16.8.19

Short Film Review: Broke (2017)

The Short Film "Broke" - 2017 (35 minutes, in Norwegian with English subtitles)
Norwegian Filmmakers Make Another Short Film About Something Not Quite Right in Norway’s Affluent Suburbs
Filmmaker Bjørn Erik Pihlmann Sørensen and screenwriter Einar Sverdrup have teamed up and made a new short that serves as another installment in what looks to be a series of movies about the hidden underbelly of Norwegian suburban society. I reviewed the duo’s short film Reckless in June. It’s a troubling film about responsibility, desire, and sexual exploration gone awry. You can read my review here. I don’t want to play a game of compare and contrast. I will write about Broke using a more or less reader-response approach to interpreting a work of art. What I will do is look at the film as it stands, first, and what I think it is trying to say. Then — if I am so inclined I can make stray observations that lend itself more to how it opens a dialogue with its predecessor Reckless.
Here is my review of Broke:
Broke is a story of how a rather well-to-do upper-middle-class family deals with the prospect of going bankrupt. That is how the movie has been packaged — and it is the expectation I had going into watching it. Full disclosure: I was able to view the film by way of the filmmakers (since the movie has not yet been made available for full release). Mr. Philman sent me a screener (for which I am very grateful). Broke is still making its presence known at festivals and in special screenings around the world; It will debut in New York at Cinema Village and run from August 16-22. As many independently funded projects go — the movie is hoping to get picked up for a wider release.

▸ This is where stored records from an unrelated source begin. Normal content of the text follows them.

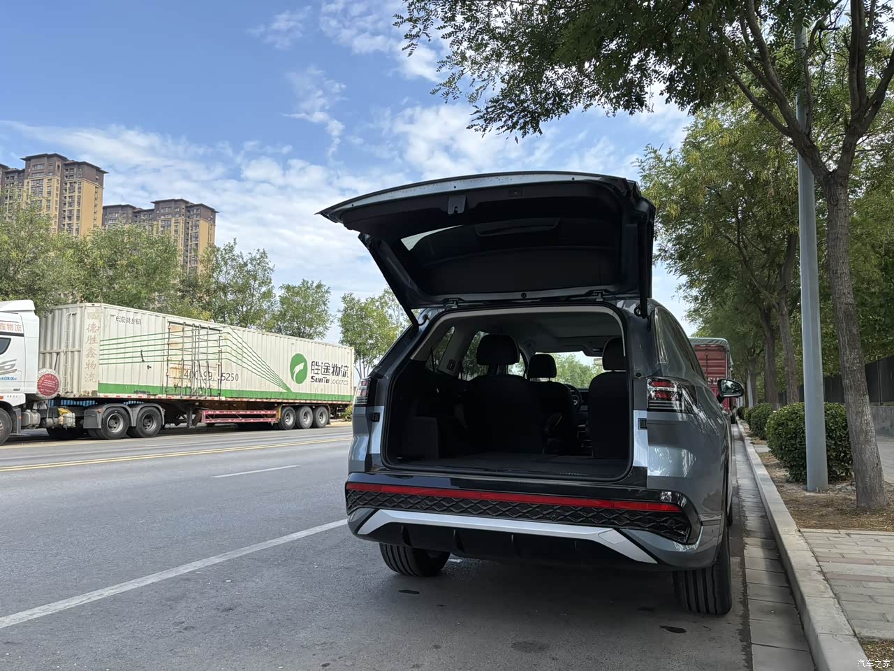 当初看车时一眼就相中全新揽镜的空间,5米的车长,近3米的轴距 。我身高179cm,调整好驾驶座后,第二排腿部还有两拳半,第三排坐170cm以下的成年人短途没问题。后备箱在三排全开时还能放登机箱,放倒第三排后直接变身小货车,搬家、露营毫无压力。 话说自从买了全新揽镜,孩子每周假期都吵着去露营~全家更加热爱拥抱大自然!
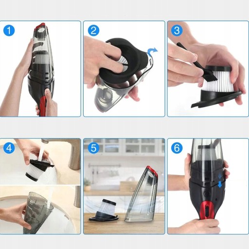 ✔️ 【Zaawansowany system filtracji】: Filtr tego ręcznego odkurzacza samochodowego jest wykonany z trwałego materiału, wyposażony w wymienny filtr, wielokrotnego użytku, łatwy do usunięcia i czyszczenia. Gdy kosz na śmieci jest pełny, naciśnij przycisk zwalniający, wyjmij filtr i umyj go małą szczoteczką nasączoną wodą z łagodnym mydłem.
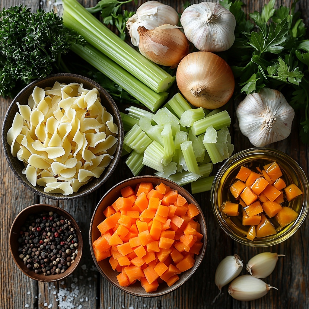 The beauty of this Brodo di Pollo – Italian Noodle Soup Recipe lies in its simplicity, with each ingredient playing a crucial role in building layers of authentic flavor, texture, and color. From fresh vegetables to fragrant herbs, these essentials transform plain chicken broth into a culinary masterpiece.

The Anticipation that Something Bad is Going to Happen
Sometimes a movie wants desperately for you to think something awful is about to happen. And Broke is a movie just like that. Someone puts a weapon in a backpack. But it is not revealed who. A married couple fight in their bedroom thinly keeping their row secret from the kids who are supposedly sleeping down the hall. I expected violence to ensue in just the first few minutes of watching this movie. It begins taut and on edge. And I must say the movie freaked me out because for the majority of its storytelling it hugs close to a school shooting narrative (a horrifying series of hells Americans have been facing since Columbine).I had this sense of foreboding since a large chunk of the story follows young adolescent Pia (Sofie Albertine Foss) as she goes about her school day — a little uneasily. In fact, everyone in this movie seems very much ill at ease. No one is enjoying their current dispensation. Pia is enormously bright but chooses to hide her gifts and gives off the appearance of a wallflower. She is an observer, watching Daniel (Marcus Rix), a hunky boy, a bully who taunts a smaller boy, Jonas (Arthur Hakalahti). Daniel belittles Jonas with impunity, and in one unsettling moment physically harasses him in the school swimming pool. The film presents us with long shots of Pia, Daniel, and Jonas — and other kids and adults who inhabit this school. I did not pick up much joy; the blasé nature of adolescent Je ne sais quoi seemed grossly disproportionate here. The kids in this film are candidates for something very bad about to happen. But we don’t know what. Or how. The film teases us a bit; the Checkhov gun is literally a gun but we don’t know how it will turn up and what character will possess it or use it or whether someone will cause harm with it.
    We do eventually get the answers to these question (sort of) — what work the film does before it reveals its hands is to get us to know these three disparate teenagers a little better. Pia shows a need to withdraw (as, for example, when she tells her teacher she does not have her swimming suit with her). She sits in the bleachers instead and watches events transpire. Jonah is the picked-on kid. The pariah. Pia shows concern for Jonas; Daniel is all masculine bravado and “I don’t give a f***.” However, Pia is drawn to Daniel like a moth to a flame. And here is where the film pivots.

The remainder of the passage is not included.